Os filhos de peixe que sabem nadar já são cardume. E os pescadores sempre os do costume: os que têm alvará de pesca assegurado pelas instituições públicas.
Seria interessante saber o que seria destas firmas se não existisse a avença pública, o serviço pago pela tença e a rede de influências para adjudicar em nome de todos os que contribuem para o orçamento do Estado, sempre na maior e mais perfeita legalidade.

Poderá isto constituir um pathos de corrupção semelhante àquele sempre denunciado em modo deletério pelos paulos morais e marias josés morgados, como já tenho escrito por aqui?
Não tenho a menor dúvida pelo que as críticas que lhes enderecei sobre mim caem, mas o tema, pelo menos, é novo. Ninguém de especial, nos media, se preocupou com este assunto, deste modo, ainda. No entanto, o tema é candente e precisa de exposição. Há evidentemente joio no meio de trigo, sendo delicado misturar nomes avulsos, pelo perigo de injustiças e até de ofensas à honra, mas competiria aos media escrutinar devidamente porque o assunto é de interesse público, lida com a res publica e é o exemplo mais flagrante dos "sistemas de contactos".
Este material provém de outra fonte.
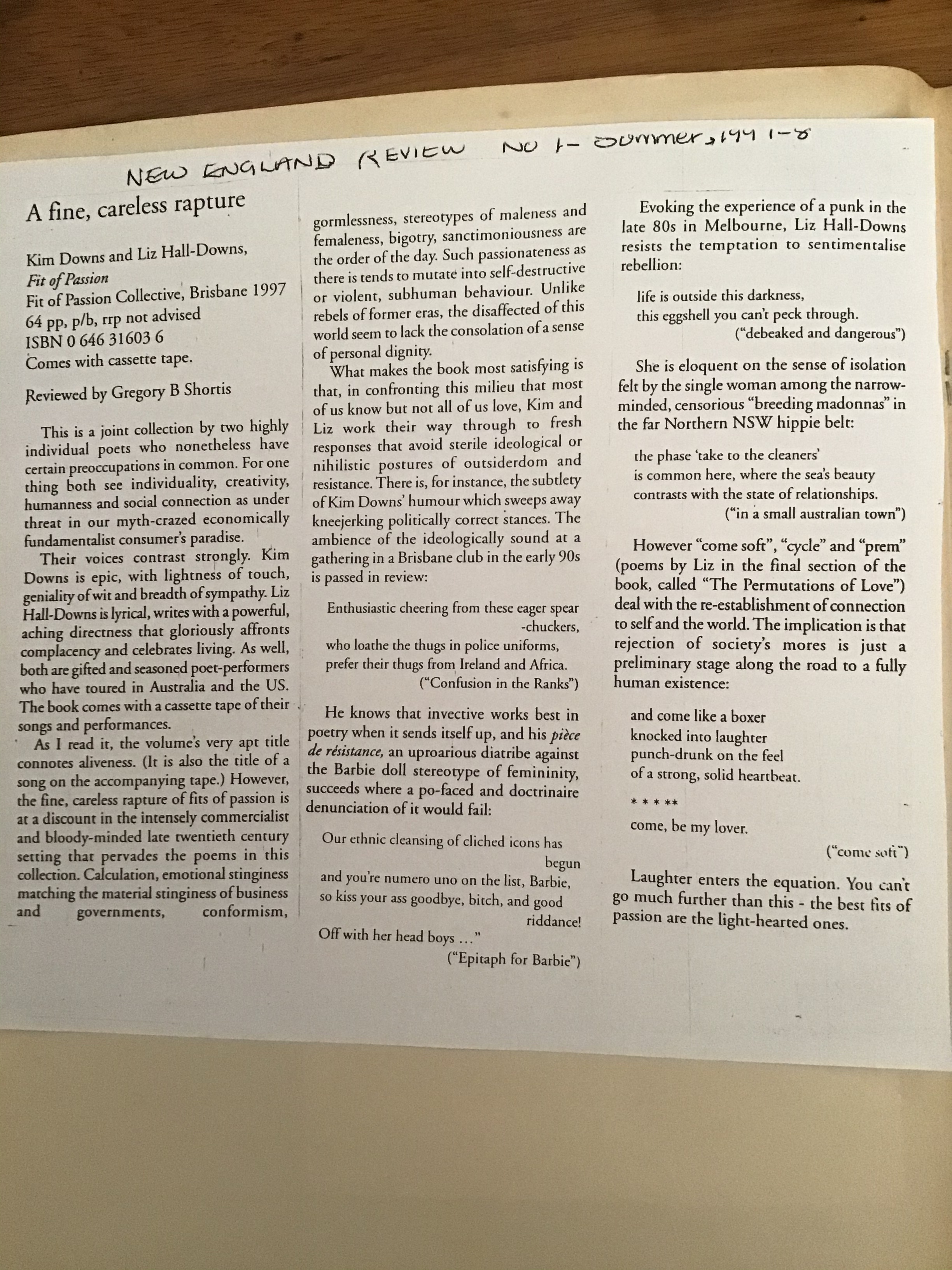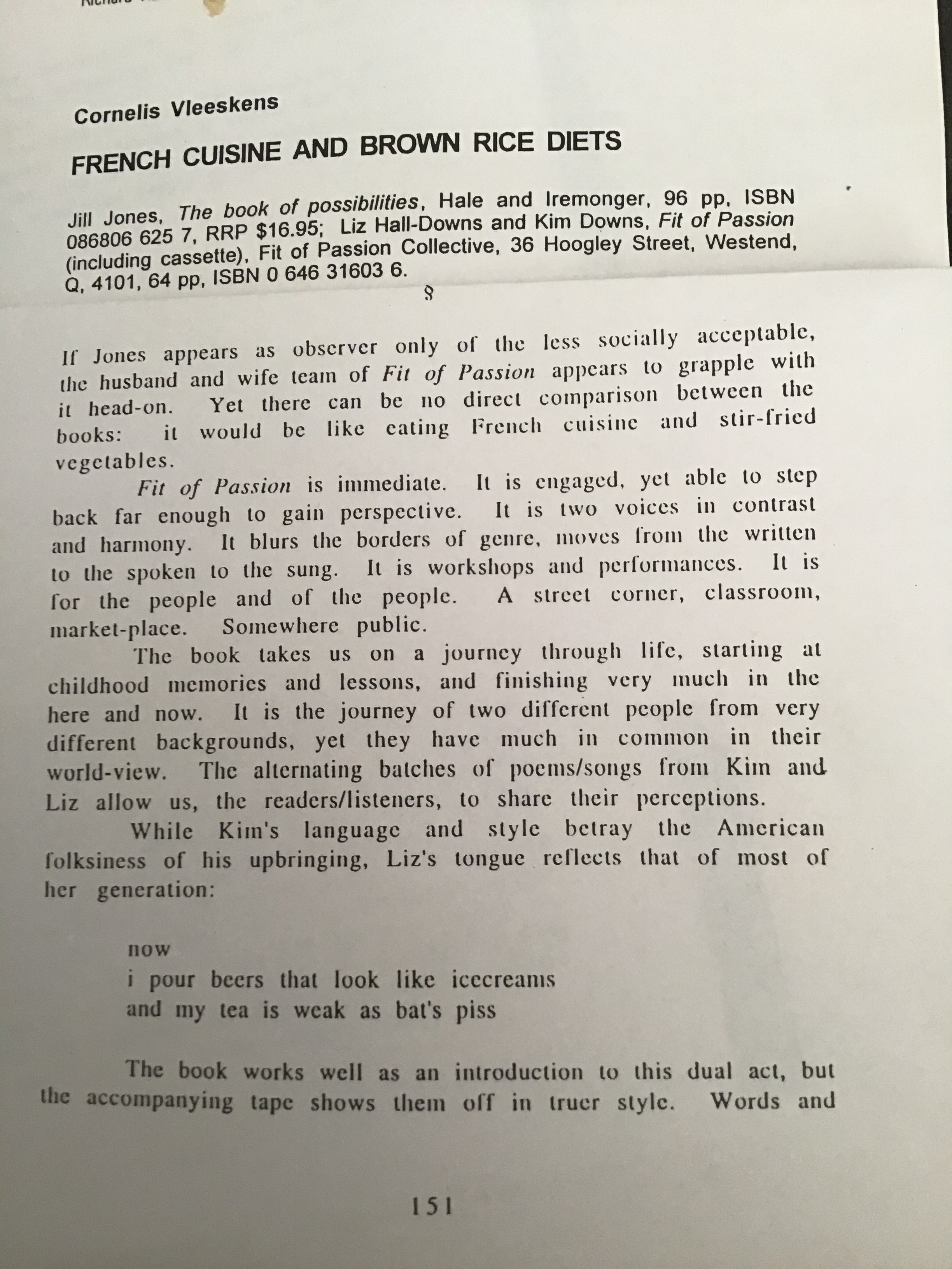 The review by the late Cornelis Vleeskins’ was found in our archives but somehow it’s source wasn’t recorded in the scrapbook, sorry. The ‘Rex’ he mentions was the late and much-loved Melbourne poet, Rex Buckingham.
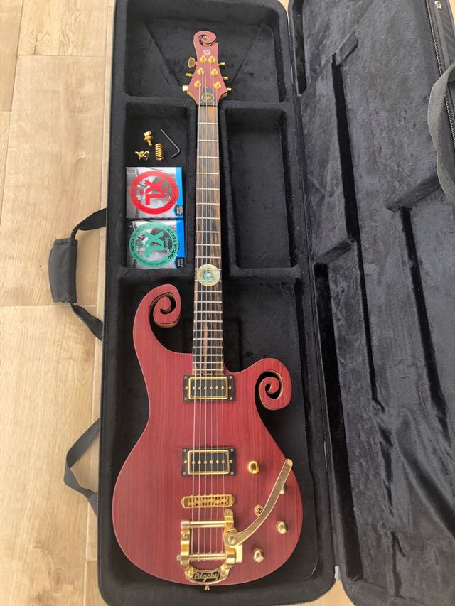 Es una guitarra más que especial, tanto en aspecto como en sonido. Muy cómoda a la hora de tocar. Es más que versátil para quien quiera investigar un poco más allá de la típica afinación en E.
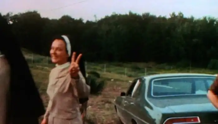 Монахиня на Вудстоке, 1969 год. Многие монахини и другие члены строгих религиозных практик принимали участие в фестивале.
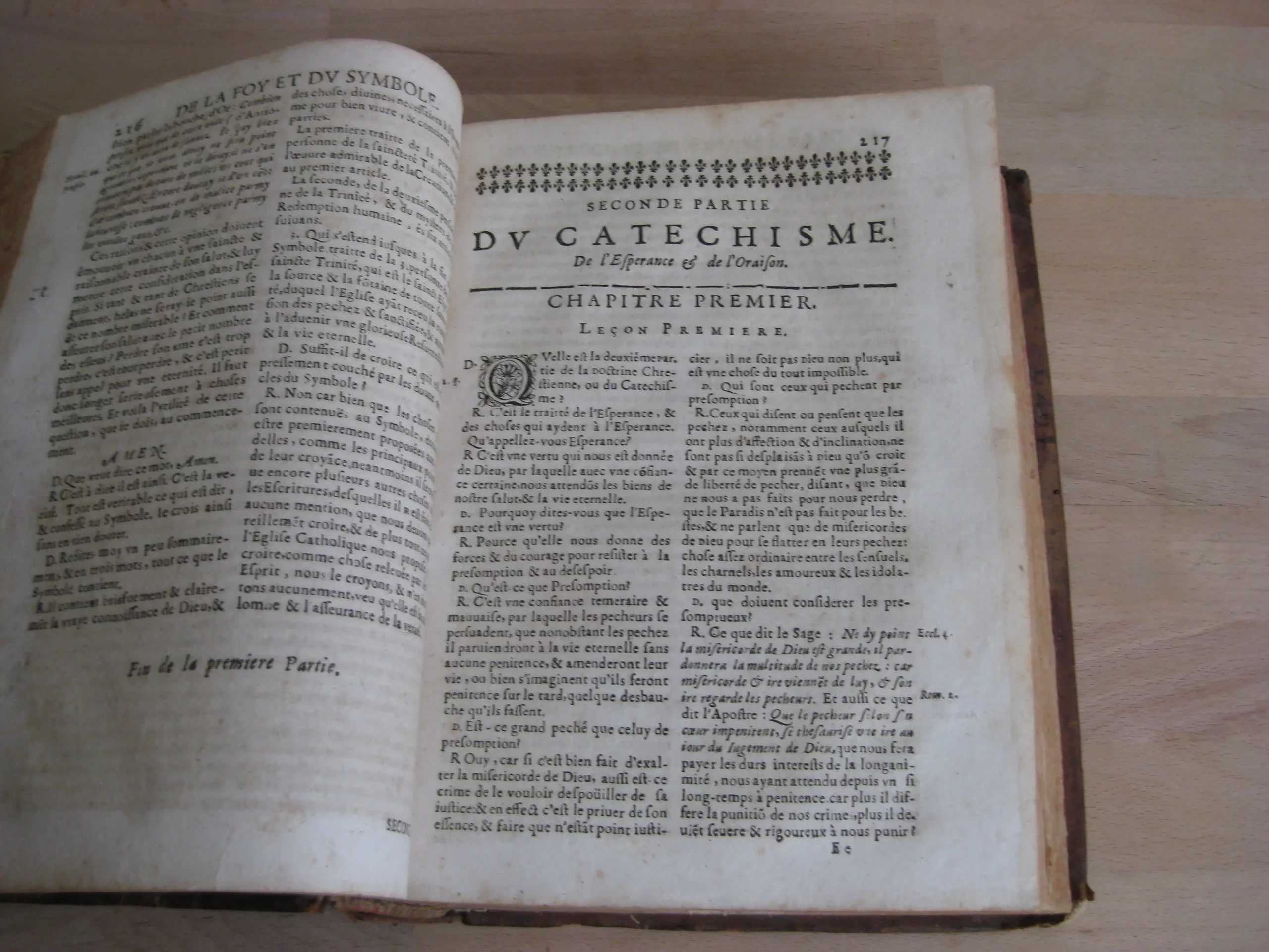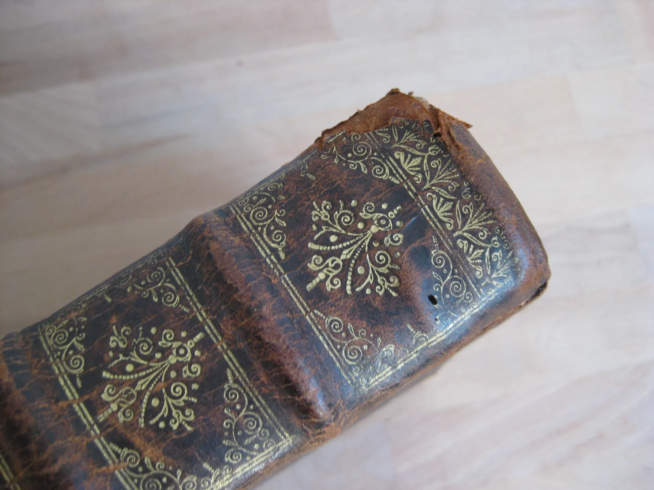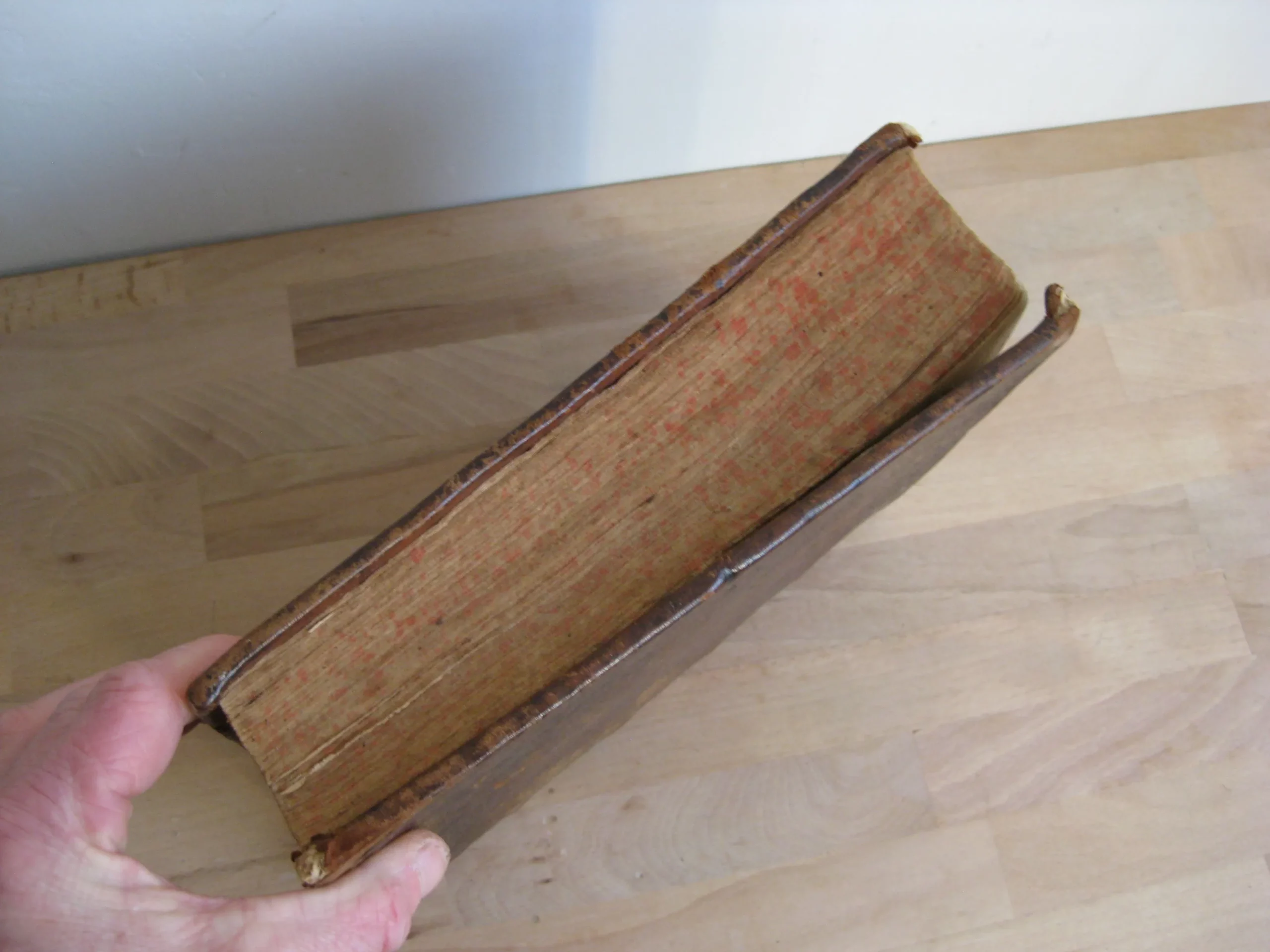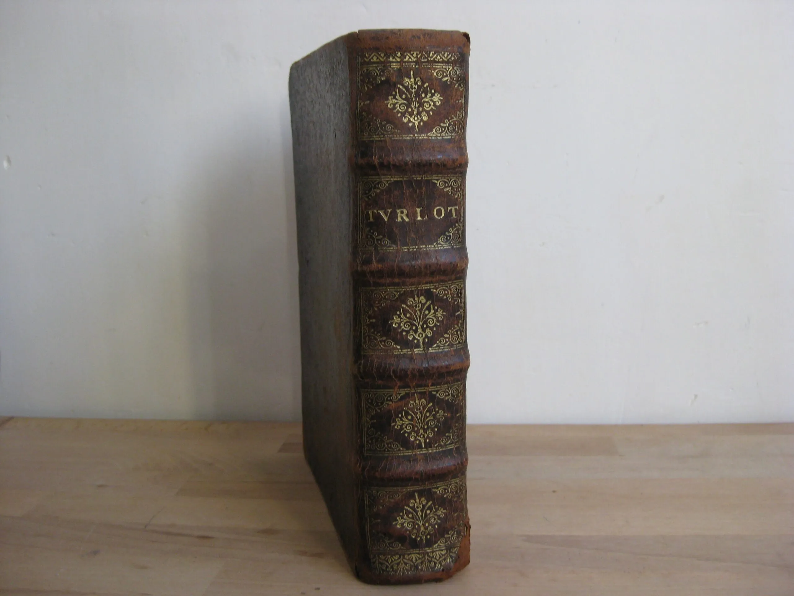 Plein veau, dos à nerfs, orné aux caissons, tranches jaspées rouges, 239 x 185, 1673. 756p. Suivi de la table. Précédé de Index concionatorius …,6p. Entête, cul-de-lampe. Vignette au titre. Garde manquante. Ex-libris au titre, un autre en contreplat supérieur illisible et présent en dernière page et en contreplat inférieur également ; deux autres ex-libris lisibles en dernière page vierge : « La Rouvière » et « Antonij Cosse, humanioribus litteris studientis. Die vigessima marlis 1717 ». Texte sur 2 colonnes. 1Ère partie, 216p. 2Nde part. 217-346 pp. 3Ème part. 347-558 pp. 4Ème part. 559-748 pp. Et Adresse pour bien faire la confession générale, 749 à 756, suivie de la table générale. Intérieur avec rousseurs variables, plus souvent légères, et mouillures en pied de page, modérées. Plats frottés avec épidermures et petits manques et trous de vers. Champs et coins frottés, 3 coins émousés. Dos frotté aux nerfs, coiffe et queue, avec deux trous de vers, et manque en pied ; manque que l’on retrouve en pied de mors supérieur. Exemplaire bien ferme.

Mas como lidarão os media se nem sequer se dão conta do problema? Parafraseando o outro, se não sabem porque iriam perguntar?
Isso para não incluir os ricardos costas e quejandos cujo tema os aborrece, naturalmente. A corrida deles não é nestas pistas. É sempre ao lado de quem ganha...
Luis Costa , 05 Julho 2012
...
Fiquei a saber que os cheques, livranças e letras são títulos fiáveis e que não são documentos particulares e que, no desempenho da profissão de juiz, tenho apetites e obediências. Espantoso.